Mohit Gang: Honestly, the triggers for the debt (side) are quite different from what you observe in equities per se. That is a much more complicated category. The first and foremost part when I invest in a debt fund is not whether I’ll get 50 bps more or 50 bps less, but I think safety of my capital is the first principle when investing in debt.

So, the change in credit quality of a fund is one of the biggest triggers in a debt fund.

If I am investing in a complete AAA portfolio, I don’t want that to be diluted under any circumstances. So, there are fund houses, there are fund managers whom I know will always follow a full AAA portfolio basically, and that’s where I am comfortable.

Suddenly, if you see a rise in AA or A papers going beyond 10% of the overall portfolio, that’s the biggest trigger and the first alarm bells should ring.

Every month when the portfolios are out, one should have a portfolio check. If you see the exposure has increased in low quality credits, one has to press the red bell out there. That is the first point.

The second obviously is in a situation of a credit event, if you see papers being downgraded consistently in a portfolio. Let’s say you see Vodafone kind of events, where AGR dues are there and you find a ruling coming out in court, or you find a DHFL or an IL&FS kind of an event where papers are getting downgraded consistently in a particular portfolio.

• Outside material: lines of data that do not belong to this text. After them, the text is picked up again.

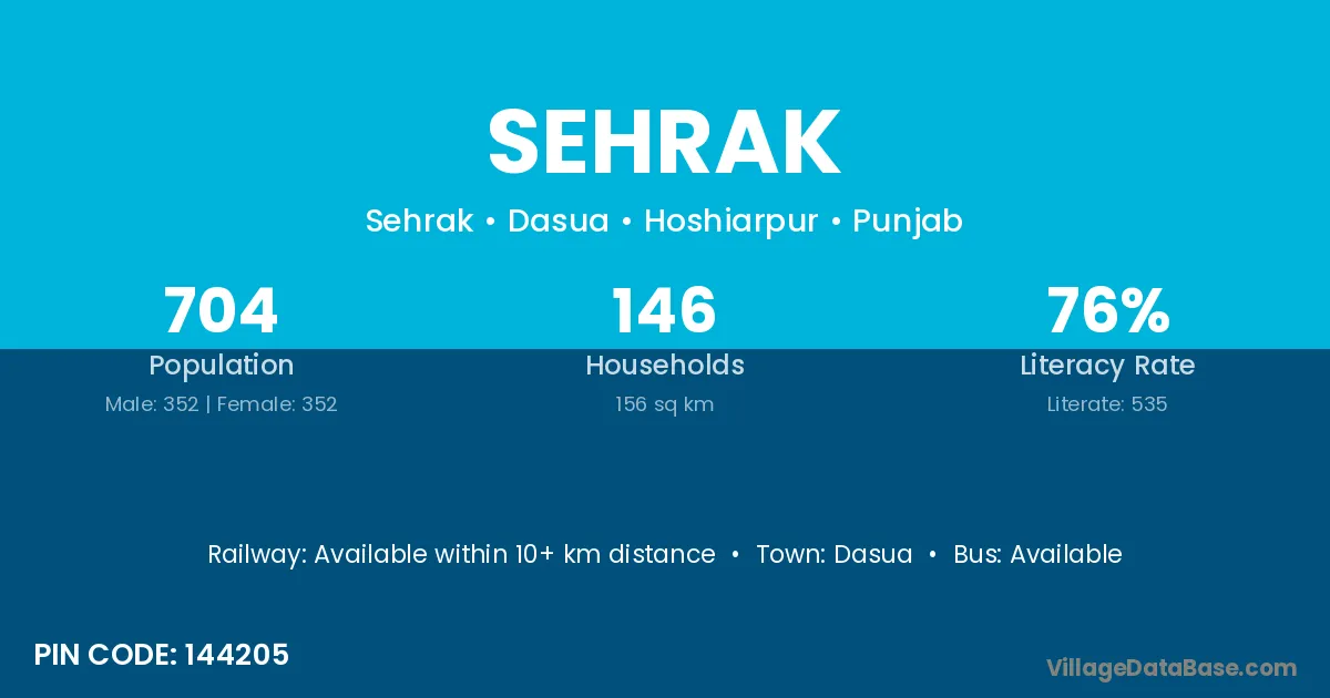 Sehrak village has a total population of 704 people, of which 352 are males and 352 are females.
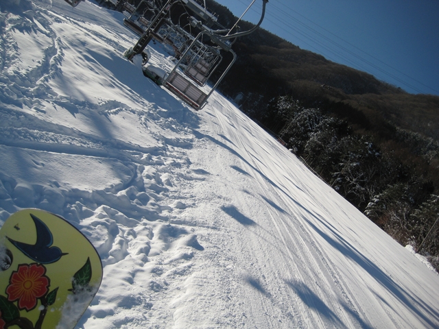 ・・・レインボー、センターはちょっと柔かい感じだったけど、日の当たるのを待って10時半過ぎに上がったナイアガラは・・・今季初のナイアガラヒット!。やばーいくらい気持ち良く滑れました!。
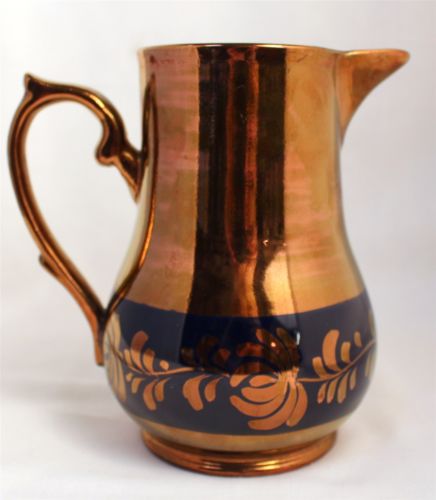 Antique Copper Lusterware Pitcher With Floral & Blue Accents
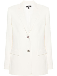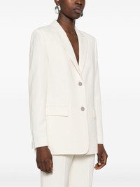 single-breasted blazer Highlights - Ivory white - Interlock weave - Notched lapels - Long sleeves - Buttoned-cuff sleeves - Two front flap pockets - Central rear vent - Full lining - Front button fastening Imported Composition Outer: Triacetate 70%, Polyester 30% Lining: Polyester 100% SIZE & FIT Model measurements Height 5 ft 11 in(1.8 m) Bust/Chest 32.67 in(83 cm) Hips 36.22 in(92 cm) Waist 24.4 in(62 cm) FittingInformation Designed for a slim fit that sits just away from the body offering a close yet comfortable fit The internal shoulder pads offer a structured shape Made from a midweight fabric This piece fits true to size – take your usual size Washing instructions Dry Clean Only
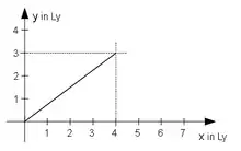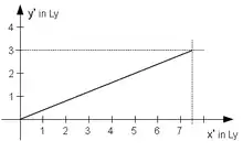 The origin of the reference frame S' is in uniform motion relative to S with , i.e. moves along the x-axis, and the x-,y- und z-axes of S' and S are parallel to each other and at time the origins of S and S' coincide. Let
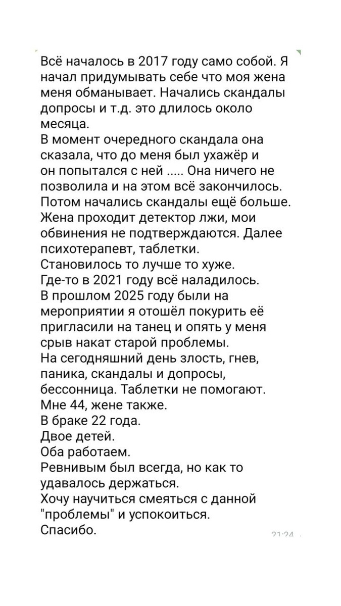 ? Вы честно написали главное: «придумывать себе». Это не совпадение. С точки зрения системной терапии, ваша ревность — это не про жену и даже не про того «ухажёра» 2017 года. Это про внутренний сценарий, который завёл вас в тупик. 🔴 Разберём ваши же слова: 1. «Ревнивым был всегда, но удавалось держаться». Это ключ. Ваша психика всегда была на взводе, но находила баланс. Событие 2017 года (её признание, даже невинное) стало спусковым крючком, который обрушил эту хрупкую систему. Проблема была не в её словах, а в вашей готовой взрывной схеме. 2. «Детектор лжи не подтверждает, таблетки не помогают». Вы ищете подтверждение вовне, но проблема внутри. Факты не работают, потому что вами управляет не логика, а древний, глубинный страх быть униженным, покинутым, недостаточно ценным. Этот страх сильнее любых доказательств. 3. «Срыв на мероприятии из-за танца». Это доказывает, что причина не в жене. Танец — лишь триггер, который запустил старый системный паттерн: угроза — паника — контроль (с
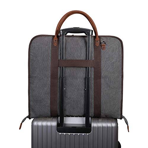 Details: S-ZONE Canvas Genuine Leather Trim Suit Carry On Suit Garment Bags for Travel, Business Trips & Storage with Shoulder Strap
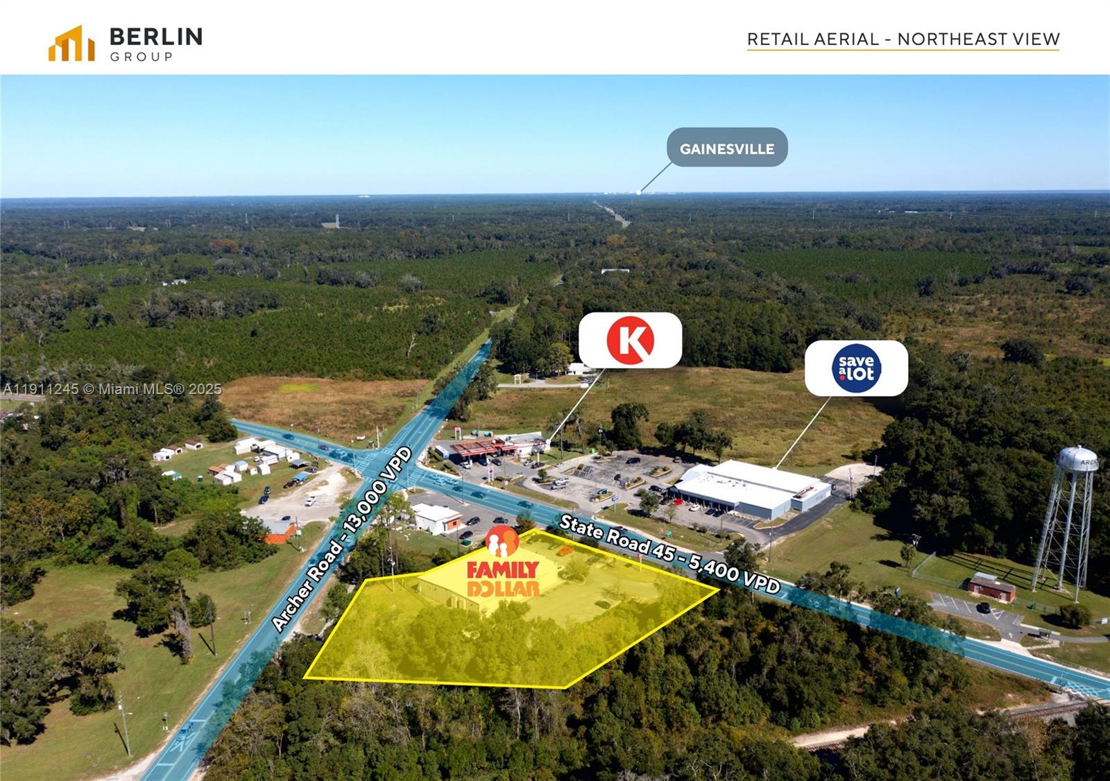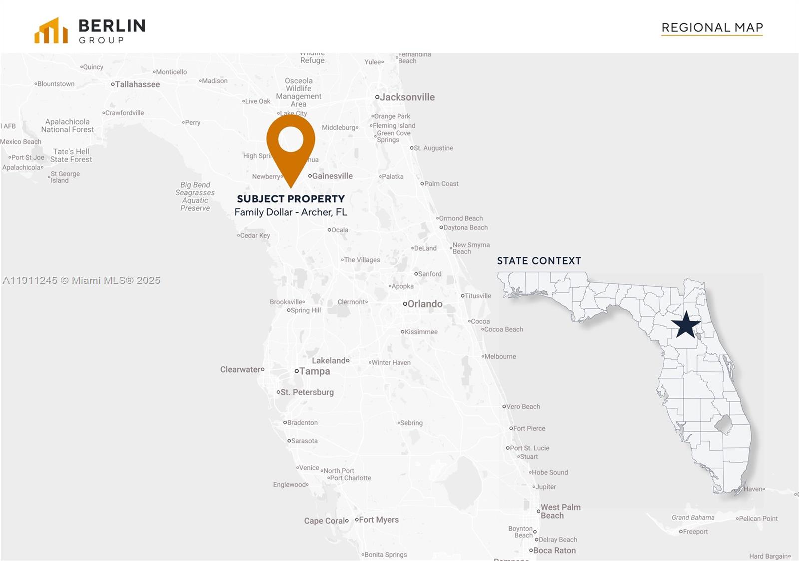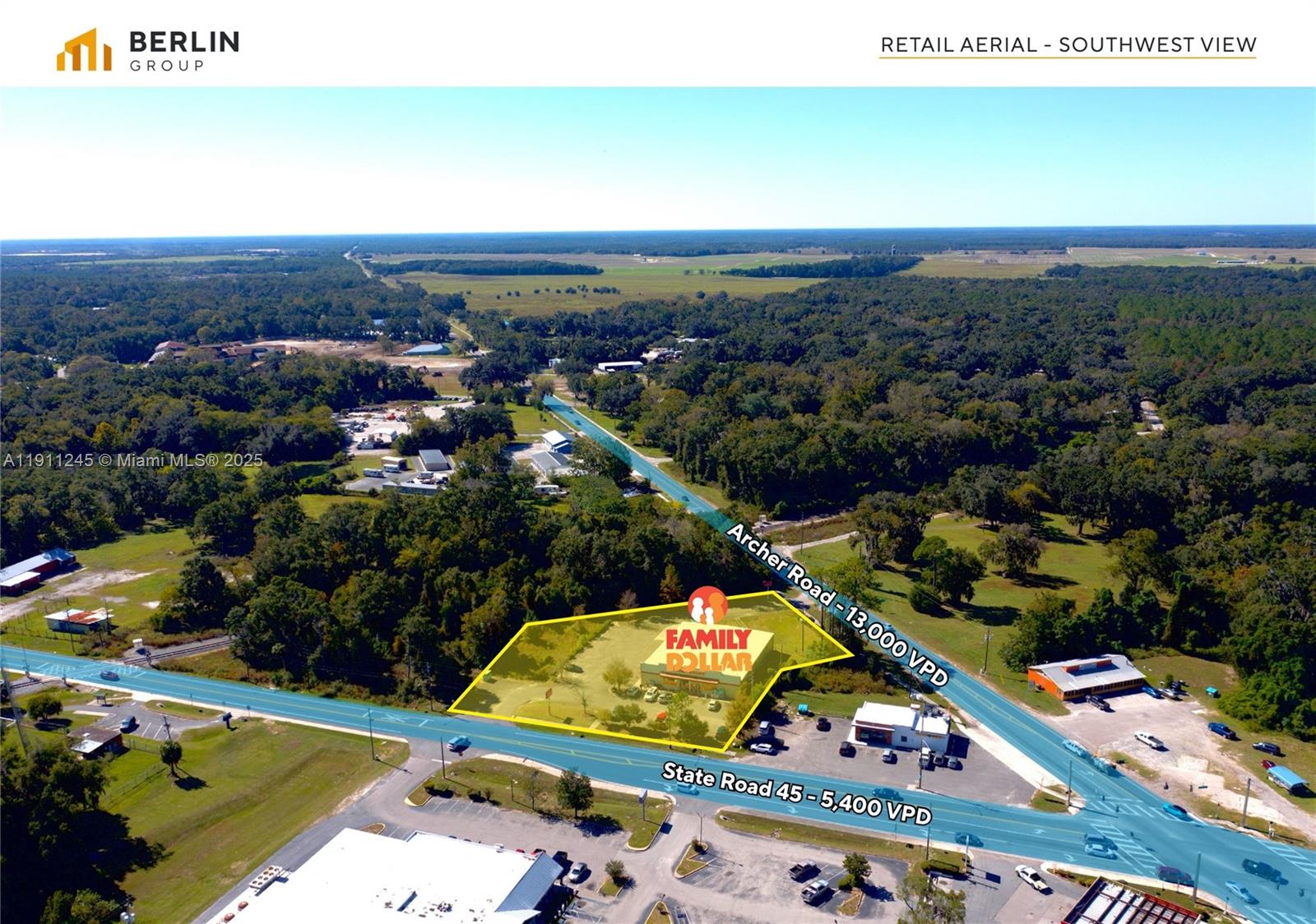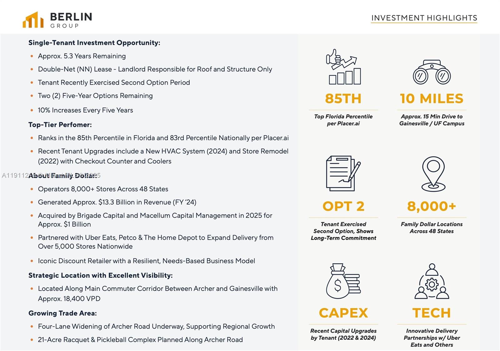 The subject property is a Family Dollar in Archer, FL, just outside Gainesville. This location ranks in the 85th percentile in Florida and 83rd percentile nationally per Placer.ai, placing it among the top-performing Family Dollar stores in the country. This exceptional ranking underscores a high-traffic, resilient trade area with a consistent draw from the broader Gainesville metro. The tenant recently exercised its second option period, demonstrating a clear long-term commitment to the site. The property is leased on a Double-Net (NN) basis with over five years remaining and 10% rent increases at each option period, providing dependable and growing income.
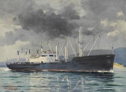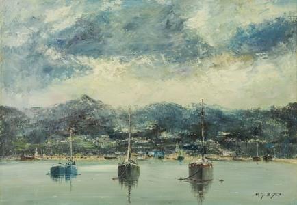 Le Baleinier, huile sur toile, signée, datée au dos 78-79, 60x73...
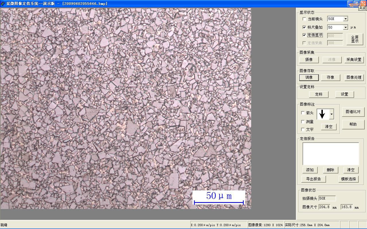 在金相圖像系統(tǒng)中,,常常要進(jìn)行圖像定倍。但傳統(tǒng)的定倍軟件,只有“定倍打印”的單一功能,且打印出的圖片清晰度差,不能滿足金相圖像的尤其是高檔金相圖像用戶對(duì)打印分辨率的要求。 ![]()
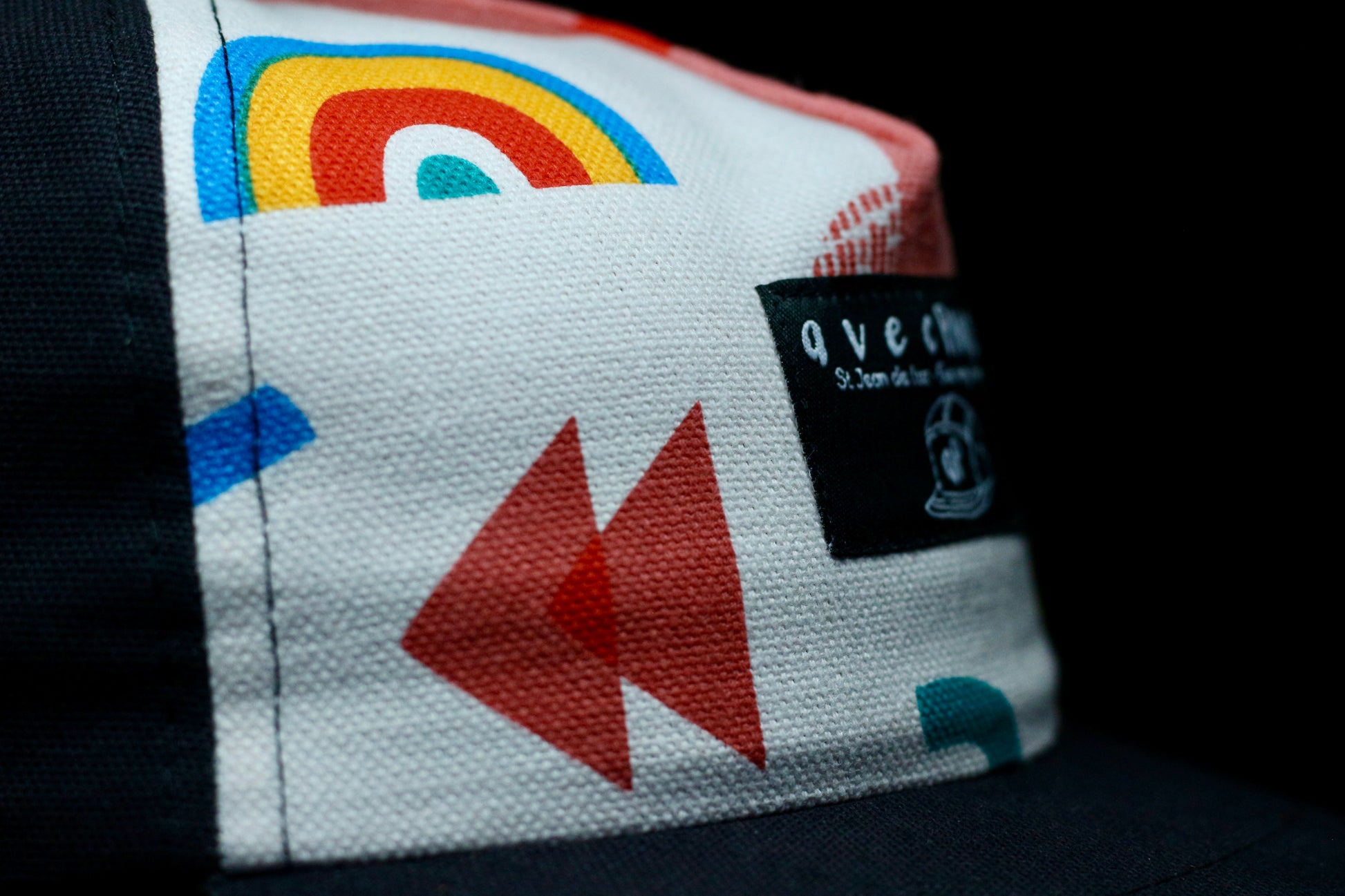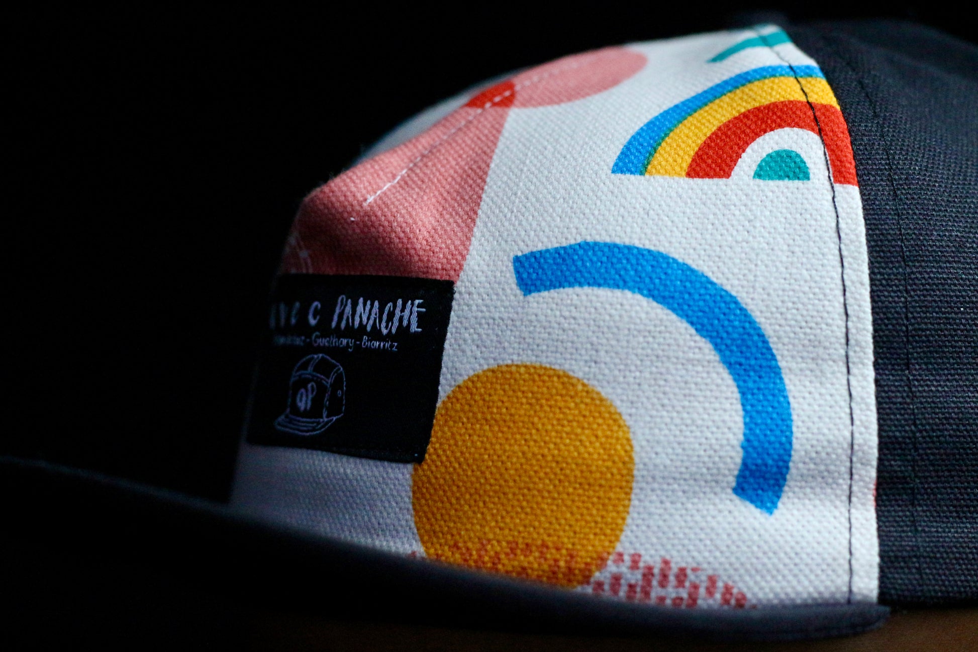 Casquette 5 panels ajustable SPACE COMMANDER IV BLACK avec tissu imprimé motifs rétro et couleurs pop. Panneaux latéraux en coton noir, étiquette signature "Avec Panache" (au choix). LégÚre et fun, chaque piÚce est unique avec des motifs qui varient selon la découpe du tissu.

Then you might just want to cut your losses and exit the portfolio before any big credit event happens.

Even if a credit event has taken place and you know that the portfolio will get segregated now, and you know that whatever loss has been segregated out. It might not be a bad call actually to take an exit if you see the portfolio has produced one kind of a credit event. That has to be a calculated call on the overall portfolio. But yes, one can consider that.

The third point emanates out of the attributes of a portfolio, which is change in duration of the portfolio. Now, debt being interest rate sensitive, if I have invested in a short end of the curve–which is if I am investing in ultra-short term funds or low duration funds, or money market funds–I don’t want my duration to go beyond two years or one year. I have a mental threshold to that and I don’t want to take any interest rate risk in my portfolio.

But if I see a fund manager suddenly acting like a dynamic bond manager, let’s say in a medium term trying to go 10-year duration. Those kinds of triggers are very high alarm bells for me. At that point in time, one needs to take a quick call on the portfolio, in terms of what kind of risk one wants to assume.

The last point on the debt side is a sudden drop in AUM. An AUM rise or fall can still be accommodated in equity.

Debt is mostly institution money, which means a lot of institution people have pulled out and they must or could perhaps be privy to more information than what retail investors are.

If AUM suddenly drops to a large extent in a debt fund, that’s a very big trigger for us, and at that point in time, it’s good to quickly take an exit.